Ma in alcuni pazienti anche questa terapia non è efficace.“In una piccola frazione di pazienti che purtroppo si dimostrano resistenti anche a questa modalità terapeutica, è possibile ricorrere al trapianto allogenico. Questa tipologia di trapianto richiede l’individuazione di un donatore compatibile (reperibile tra i familiari o nei registri internazionali dei donatori che oggi raccolgono oltre 20 milioni di volontari). Rispetto al trapianto autologo, quello allogenico aggiunge anche un effetto immunologico di controllo della patologia, infatti per quanto compatibile ogni donatore resta comunque un po’ diverso rispetto al paziente.
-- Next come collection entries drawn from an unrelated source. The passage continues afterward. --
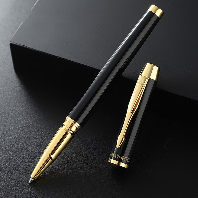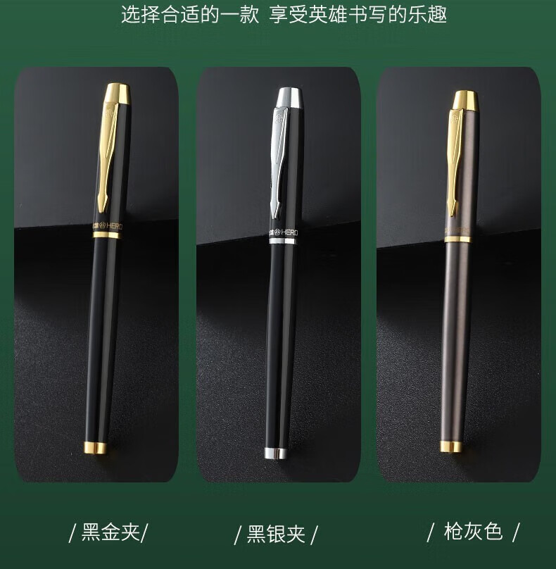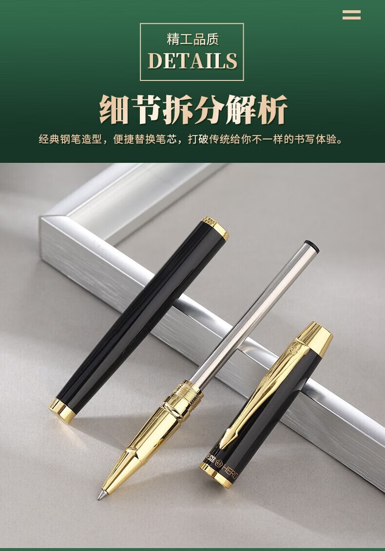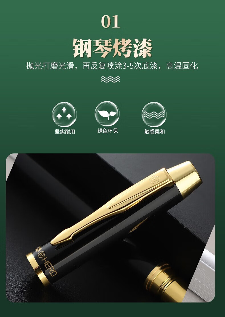 • 商品名称:英雄(HERO)宝珠笔 商务高档金属签字笔男女士签名笔 免费刻字 7006丽雅黑金夹(礼盒装)加3支笔芯 7006/盒
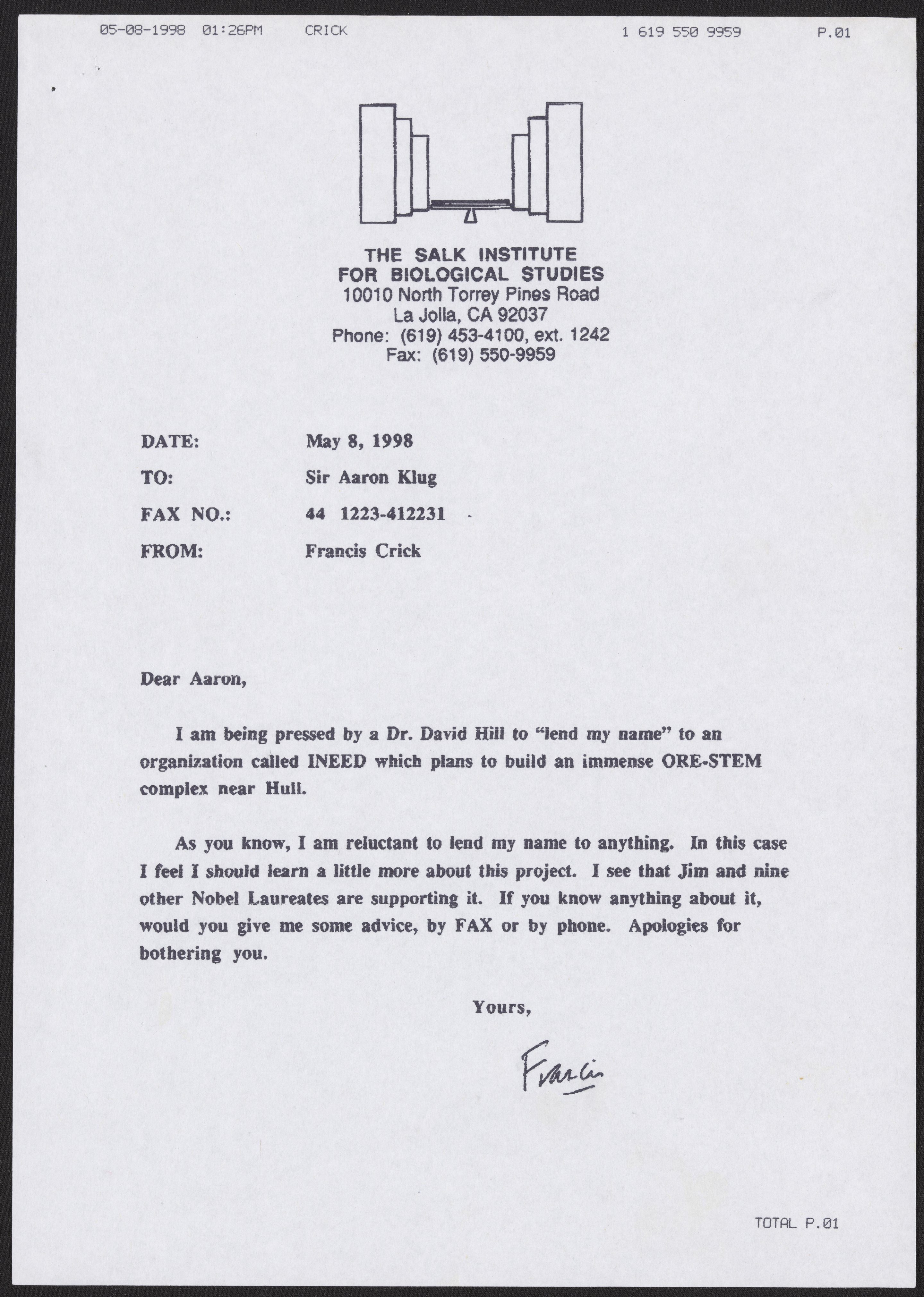 Letter from Francis Crick to Aaron Klug, May 8, 1998
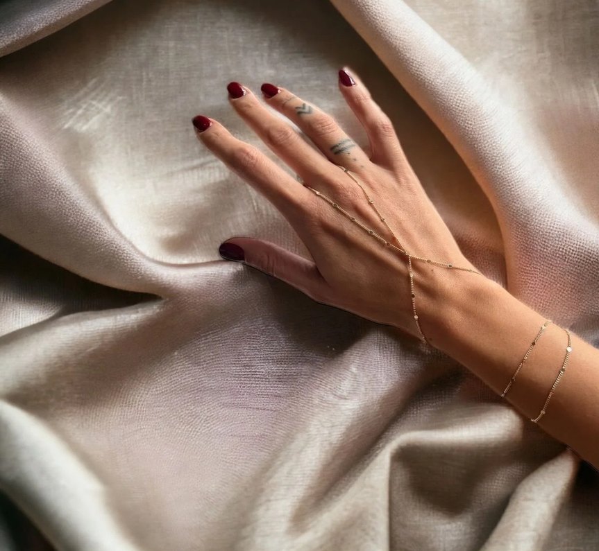 minimalist tarzda kadın el zinciri. Parlak, desensiz tasarımı günlük kullanıma uygun, bohem ve retro esintili. ✨
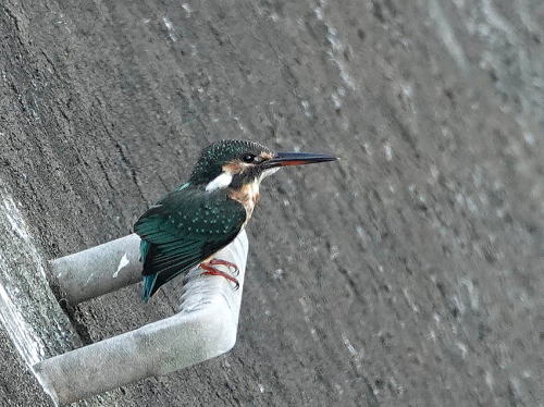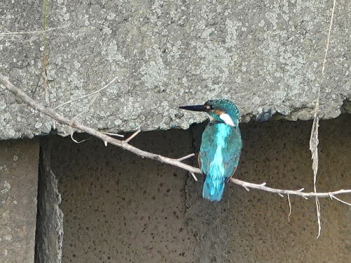 | ツバメ[8月3日] 護岸に数羽集まって飛んだり戻ったり、全部幼鳥でした。 | カワセミ[8月3日] 毛がぼさぼさしているようです。 | |

Questa minima ma fondamentale diversità permette al sistema immunitario del donatore di attaccare e distruggere anche le residue cellule linfomatose e consentire così la guarigione persino ai pazienti più resistenti alla chemioterapia”, ha continuato. “Purtroppo questo effetto immunologico può essere diretto contro le cellule sane del ricevente, evenienza che può essere motivo di tossicità anche molto grave generando la cosiddetta ‘malattia del trapianto contro l’ospite’. È per questo che il trapianto allogenico è ancora indicato solo per una piccola percentuale di pazienti di età non superiore ai 65 anni e che non abbiano significative patologie associate”.
 
Quali sono i risultati e le percentuali di sopravvivenza e di guarigione?“I risultati sono diversi a seconda del tipo di linfoma. In generale possiamo dire che il trapianto di cellule staminali emopoietiche autologhe consente di ottenere una remissione completa nella maggior parte dei pazienti con linfoma che hanno ricadute della malattia dopo una precedente linea di terapia”, ha conluso Rambaldi. “Questa remissione è duratura nel tempo in oltre il 50% dei casi. Per i pazienti che non rispondono alla terapia di salvataggio o per quei pazienti che ricadono dopo essere stati trattati con essa, si può porre l’indicazione al trapianto allogenico che permette di guarire in maniera definitiva oltre la metà di questi pazienti”.